Юркие серые глазёнки шарят по комнате.
-- Ой, какая цацка! -- Света замечает на тумбочке мой сувенир: пёстрого резинового попугая-пищалку. Она собирала эти детские безделицы, я привозил их отовсюду. Нам с попугаем достаются пылкие поцелуи.
Вот и могила. Для неё. Юрик сжимает мне предплечье, Вера шепчет: «Держитесь». Они правы: я плохо держусь. Обмяк, скуксился, сгорбился.

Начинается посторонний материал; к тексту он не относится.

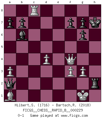 Last move : 0-1 2015 July 26 23:45:23 [Event "FICGS__CHESS__RAPID_B__000229"] [Site "FICGS"] [Date "2015.05.24"] [Round "1"] [White "Hilbert,Stephan J."] [Black "Bartsch,Reinhard Andrea"] [Result "0-1"] [WhiteElo "1716"] [BlackElo "2018"] 1.b4 e5 2.Bb2 Bxb4 3.Bxe5 Nf6 4.c4 d6 5.Bb2 Bf5 6.a3 Ba5 7.e3 Nbd7 8.Nf3 Nc5 9.Nd4 Bg6 10.Nb3 Bb6 11.Nxc5 Bxc5 12.d4 Bb6 13.Nc3 O-O 14.Bd3 c6 15.O-O Rc8 16.Bxg6 hxg6 17.Qf3 d5 18.cxd5 Nxd5 19.Nxd5 cxd5 20.Rac1 Qd7 21.e4 dxe4 22.Qxe4 Rxc1 23.Rxc1 Re8 24.Qf4 Qb5 25.Ba1 Qa5 26.g3 Re1+ 27.Kg2 Qd5+ 28.f3 Re2+ 29.Kf1 Rxh2 30.Rc8+ Kh7 31.Kg1 Qa2 0-1 Polish (Sokolsky) opening Kingside Castling by player Black (move 13) Kingside Castling by player White (move 15) Player Black won this chess game. Follow this game move after move (download)Morphy was probably the greatest genius of them all. (Bobby Fischer) Gewöhnliche Menschen denken nur daran, wie sie ihre Zeit verbringen. Ein intelligenter Mensch versucht, sie auszunutzen. (Arthur Schopenhauer) Ayuda a tus piezas para que ellas te puedan ayudar. (Paul Morphy) Le jeu d'échecs fait naître et fortifie en nous plusieurs qualités précieuses dans le cours de l'existence, telles que la prévoyance, la circonspection, la prudence, et la persévérance. (Benjamin Franklin - 1783, la morale des échecs) Life is the sum of all your choices. (Albert Camus)

Кроме попугая, ни одного связного фрагмента. Клочки. Варит фасолевый суп. Надевает чёрные лакированные босоножки. Работаю за столом, а она подкрадывается и кусает за ухо. Наконец-то! Целый эпизод! Проигрыватель. Штраус. «Жизнь артиста». Мы со Светой вальсируем между шкафом и детской кроваткой, а сынишка пристально наблюдает со стула. Вдруг он слезает, становится рядом и принимается в точности повторять мои движения. Света останавливается, прижимается ко мне (а на ней салатный халат с виноградными гроздьями и сиреневые тапочки с бубенчиками), – и мы смеёмся, а пацанёнок всех звонче.
Она умерла молодой. Не зря терпеть не могла февраля, мёрзла, грустила. Второго февраля всё и окончилось. Я целую жену в лоб. Всё. Трое дюжих, для которых мёртвая Света – заработок, опускают гроб. Знаю, это не конец, она будет ждать меня там. Сейчас это не спасает. Я прощаюсь всего лишь с телом, с оболочкой, с бренным. Но как я любил его.
Всплыло ещё. Она – вся. И вот на фоне стука земли о гроб, на фоне плечистых парней в фуфайках, чётко-чётко, – она.
Припрятанная улыбка. Упругие мячики грудей. Я прикасаюсь губами к плечам: те вздрагивают.
Снова – обрывки.
Катает сына на санках.
Намазывает масло на хлеб.
Хмурится.
Размахивает пляжной целлофановой сумочкой с нарисованным солнцем и с надписью «Евпатория».
Теперь точно всё. Холмик. Венки. Самодельная табличка с надписью от руки: «Селезнёва Светлана Максимовна. 9.04.1913 – 2.02.1992». Мимо проходят две девицы: ярко-красные ногти с блёстками, бордовые губы, курточки с неисчислимыми заклёпками. Останавливаются, читают табличку, одна бросает:
-- Бабулька года до восьмидесяти не дожила. Нам бы так.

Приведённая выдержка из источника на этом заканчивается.